Achja, geht ja gar nicht mit LWJGL. Die Frage habe ich ja schon mal gestellt


----------



## Marco13 (15. Jan 2013)

Wenn es mit OpenGL an sich geht, sollte es auch mit LWJGL gehen. Aber WAS genau nicht geht, habe ich nicht nachvollzogen...


----------



## Friedhelm (15. Jan 2013)

Stimmt, es funktioniert mit "glGetTexImage" und nicht mit readPixels (kann man wohl nur einen Screenshot mit machen)

Sogar wirklich schnell (kopieren der kompletten Textur + Änderungen: < 1ms).


----------



## Evil-Devil (15. Jan 2013)

glReadPixel liest die jeweiligen Daten aus dem Buffer bzw. der aktiven Quelle. Zum schreiben zurückschreiben von Daten ist die Funktion nicht gedacht.
Chapter 8 - OpenGL Programming Guide

An sich würde ich dir vorschlagen für Textur Manipulationen auf Shader zu setzen.

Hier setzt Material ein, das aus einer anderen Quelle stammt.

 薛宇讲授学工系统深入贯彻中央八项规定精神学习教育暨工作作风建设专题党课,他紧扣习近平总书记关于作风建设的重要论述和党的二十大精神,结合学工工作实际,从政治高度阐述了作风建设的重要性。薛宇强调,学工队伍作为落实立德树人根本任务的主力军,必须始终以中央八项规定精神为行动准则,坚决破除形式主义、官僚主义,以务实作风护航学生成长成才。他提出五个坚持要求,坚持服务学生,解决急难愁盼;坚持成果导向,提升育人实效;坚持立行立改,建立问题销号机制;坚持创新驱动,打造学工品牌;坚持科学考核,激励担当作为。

Da sind die Möglichkeiten weitaus umfangreicher.


----------



## Friedhelm (15. Jan 2013)

Danke... nächstes Problem, das funktioniert nicht in Android, weil die "glGetTexImage" funktion nicht existiert.

Habe nur ein FBO Beispiel gefunden... was sehr umständlich ist und wohl nicht auf allen Geräten funktioniert.

Hat jemand das bei Android schon mal hinbekommen eine Textur aus dem Grafikspeicher zu lesen?


----------